The peace movement would have to recognize that the money is where the action is. The wars have the money, and everybody else needs it. This would mean dropping the common focus on weak and arcane proposals for "benchmarks" or national intelligence estimates or unenforceable requests for unspecified "timetables" for withdrawal. It would mean focusing like a laser on the money.
To build such a coalition would require organizing outside the dominance of Washington's political parties. Most activist groups and labor unions are loyal to one of the two parties, both of which back policies the American people oppose, including war. The benchmark and timetable sort of rhetorical legislation originates in Congress, and then the peace movement promotes it. The demand to cut off the funding originates out among the people and must be imposed on Congress. That's a key distinction that should guide our organizing.
And the organizing should be doable. On October 2, 2010, a broad coalition held a rally at the Lincoln Memorial in Washington, D.C. The organizers sought to use the rally both to demand jobs, protect Social Security, and advance a hodgepodge of progressive ideas, . . . and also to cheer for the Democratic Party, whose leadership was not on board with that program. An independent movement would back particular politicians, including Democrats, but they would have to earn it by supporting our positions. The peace movement was included in the rally, if not given top billing, and many peace organizations took part. We found that, among all of those tens of thousands of union members and civil rights activists who showed up, virtually all of them were eager to carry anti-war posters and stickers. In fact the message "Money for Jobs, Not Wars," was immensely popular. If anyone at all disagreed, I haven't heard about it. The theme of the rally was "One Nation Working Together," a warm message but one so vague we didn't even offend anyone enough to produce a counter-rally. I suspect more people would have shown up and a stronger message would have been delivered had the headline been "Bring Our War Dollars Home!" One speech outshone all others that day. The speaker was 83-year- old singer and activist Harry Belafonte, his voice strained, scratchy, and gripping. These were some of his words:
"Martin Luther King, Jr., in his 'I Have a Dream' speech 47 years ago, said that America would soon come to realize that the war that we were in at that time that this nation waged in Vietnam was not only unconscionable, but unwinnable. Fifty-eight thousand Americans died in that cruel adventure, and over two million Vietnamese and Cambodians perished. Now today, almost a half-a-century later, as we gather at this place where Dr. King prayed for the soul of this great nation, tens of thousands of citizens from all walks of life have come here today to rekindle his dream and once again hope that all America will soon come to the realization that the wars that we wage today in far away lands are immoral, unconscionable and unwinnable.
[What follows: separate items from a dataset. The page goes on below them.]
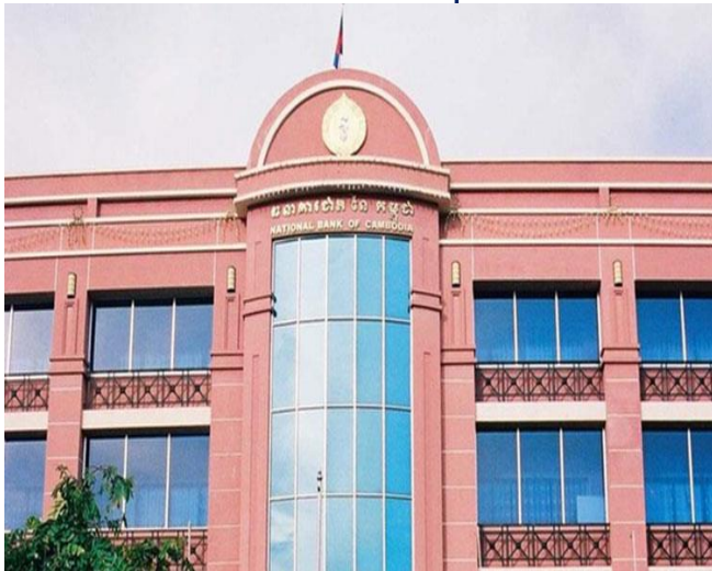
ប្រភព៖ Khmer Times ២០២១, រូបភាព៖ ធនាគារជាតិនៃកម្ពុជា

អគ្គទេសាភិបាលនៃធនាគារជាតិនៃកម្ពុជា ឯកឧត្តម ជា ចាន់តូ បានលើកឡើងថា ការងើបឡើងវិញនៃសេដ្ឋកិច្ចពិភពលោក នឹងអាចជួយគាំទ្រដល់វិស័យនាំចេញ និងវិនិយោគកម្ពុជា ដែលនឹងជំរុញសេដ្ឋកិច្ចកម្ពុជាឱ្យមានកំណើនវិជ្ជមាន ក៏ដូចជា ជំរុញការងើបឡើងវិញនៃវិស័យទេសចរណ៍។
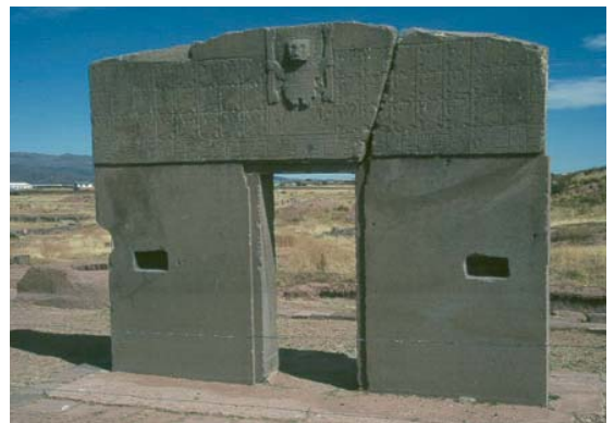
Puerta del Sol, Tiahuanacu (Bolivia)

En el próximo número de Esfinge podréis ver las primeras fotografías de la expedición, que esperamos os gusten. Tenednos presentes y no dejéis de venir a visitarnos. Aunque las distancias parezcan enormes, la tecnología nos acerca unos a otros. Recordad, os estamos esperando en www.estudiosgeograficos.org . ✪
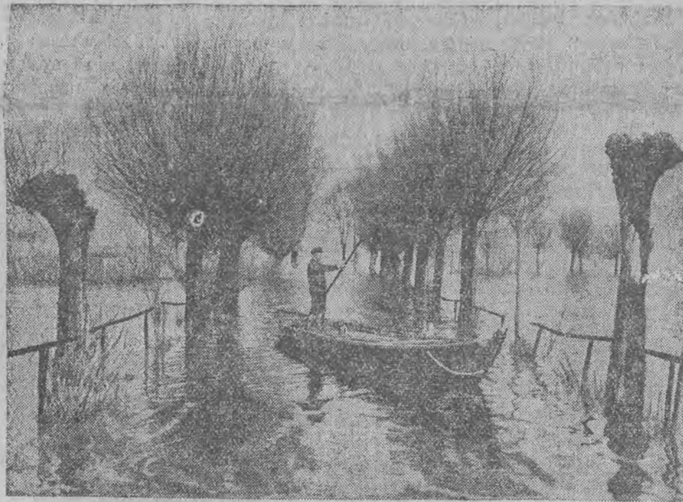
Na podmiejskich szosach z powodu wylewu rzek komunikacja utrzymywana jest za pomocą łodzi

W ostatniej chwili dowiadujemy się, że pod Modlinem utworzył się nowy zator, wskutek czego Wisła pod Warszawą z powrotem spiętrza się. O godzinie 11.30 stan wody na Wiśle pod mostem Kierbedzia doszedł już do 4.15 m., podczas gdy o północy wynosił 4.38. Niżina łomiankowska znajduje się z powrotem w groźnym położeniu, albowiem woda poprzez poprzerywane wały z powrotem przelewa się.
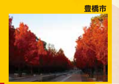
L のんはいパーク メタセコイア並木 見頃 11月下旬～12月上旬
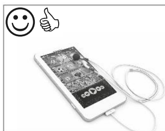
5 MP3 player
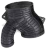
Figure 4 탄성 소재는 탁월한 형상 회복력, 압축 용도에 좋은 높은 인열 강도 및 재료 가단성이 우수해 기능성 유사 고무 부품의 생산에 적합합니다.
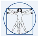
Tabela 2.2.2. Kierunkowe efekty uczenia się. Umiejętności (U)

"The Central Intelligence Agency, in its official report, tells us that the enemy we pursue in Afghanistan and in Pakistan, the al- Qaeda, they number less than 50 -- I say 50 -- people. Do we really think that sending 100,000 young American men and women to kill innocent civilians, women, and children, and antagonizing the tens of millions of people in the whole region somehow makes us secure? Does this make any sense?
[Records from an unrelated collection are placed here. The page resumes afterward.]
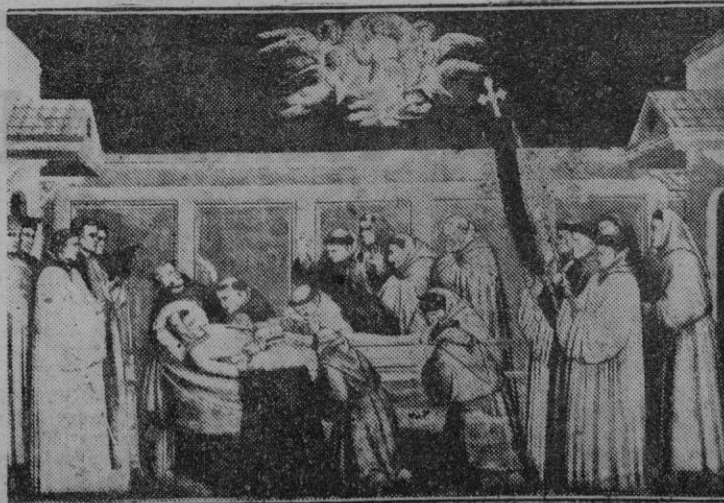
La muerte de San Francisco de Asís. Fresco del Giotto existente en la iglesia superior de la basilica de Asís.
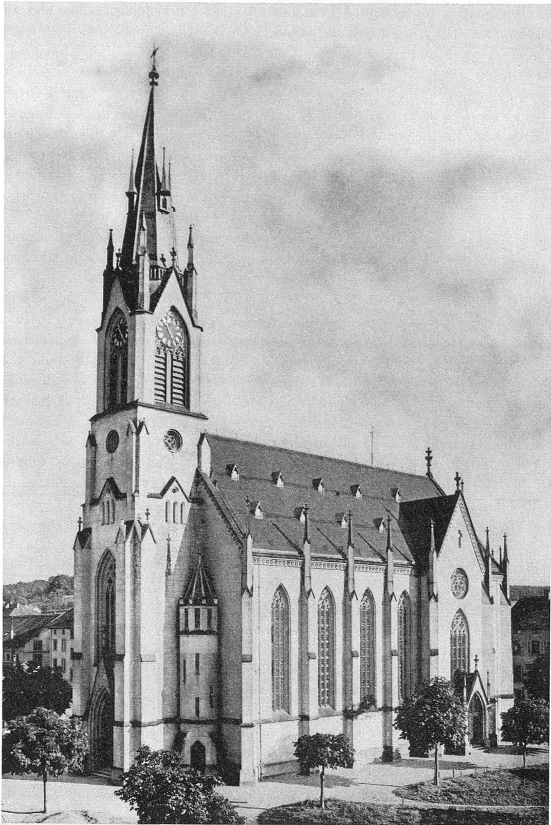
Abb. 2. Winterthur. Katholische Kirche St. Peter und Paul, von W. Bareiß 1864–1868 errichtet (Photo um 1890)
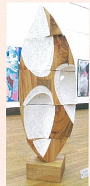
山下圭介 「huma」 【第44回関西国展関西国画賞受賞作品】
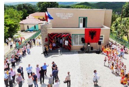
Grosse Einweihungsfeier im Sommer 2024

Es sollte sich lohnen. Der Bürgermeister hielt Wort, das gemeinsame Grossprojekt gelang. Im September, zu Beginn des neuen Schuljahres, konnte ein schönes
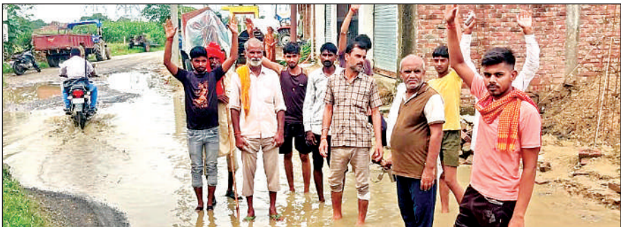
नगला दिलू स्थित सौ शैय्या अस्पताल रोड पर जलभराव होने से प्रदर्शन करते ग्रामीण ।

अमृत विचार । नगर के नगला दिलू स्थित सौ शैय्या अस्पताल रोड की जर्जर स्थिति ने मरीजों और स्थानीय लोगों के लिए गंभीर समस्या खड़ी कर दी है। इसका विरोध करते हुए ग्रामीणों ने सड़क के जर्जर हिस्से को तत्काल ठीक कराने की मांग की है। प्रदर्शन करते हुए ग्रामीणों ने बताया कि सड़क पर गड़ों की वजह से मरीजों को अस्पताल आने-जाने में भारी कठिनाई होती है। इससे उनकी हालत और बिगड़ सकती है। बारिश के दौरान जलभराव की स्थिति और खराब हो जाती है। सड़क तालाब जैसी प्रतीत होती है। यह सड़क सैकड़ों मरीजों और एम्बुलेंस के लिए रोजाना आवागमन का मुख्य मार्ग है। खासकर रात
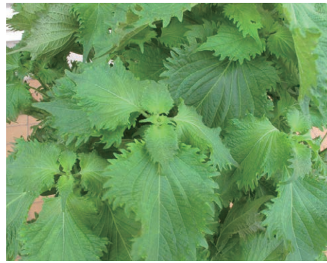
「大葉青しそ」 生育旺盛で栽培 しやすい葉ジソ

原産地はモンスーン気候で夏は海から暖かく湿った季節風が吹き暑く、前線が停滞し雨が多くなります。このためジソは一定の葉枚数になり、夕方の薄明期を含む日長が14時間以下になると花芽を作る短日植物です。花が咲くと葉の収穫が難しくなるので、種まきは日長が14時間を超えるゴールデンウィーク頃からの長日期間にすると長く収穫できます。温暖地ならこの頃、気温が生育温度の下限を超えるので、外で育てるにも好都合です。
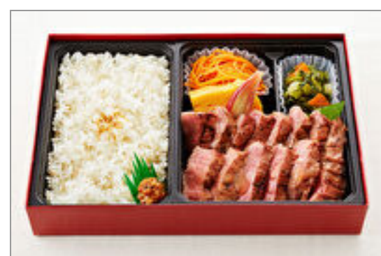
厚切り牛たん御膳(150g)

"The President's decision to escalate the war in that region alone costs the nation $33 billion. That sum of money could not only create 600,000 jobs here in America, but would even leave us a few billion to start rebuilding our schools, our roads, our hospitals and affordable housing. It could also help to rebuild the lives of the thousands of our returning wounded veterans." It's also the amount of money Obama said he would give back to the people of Libya.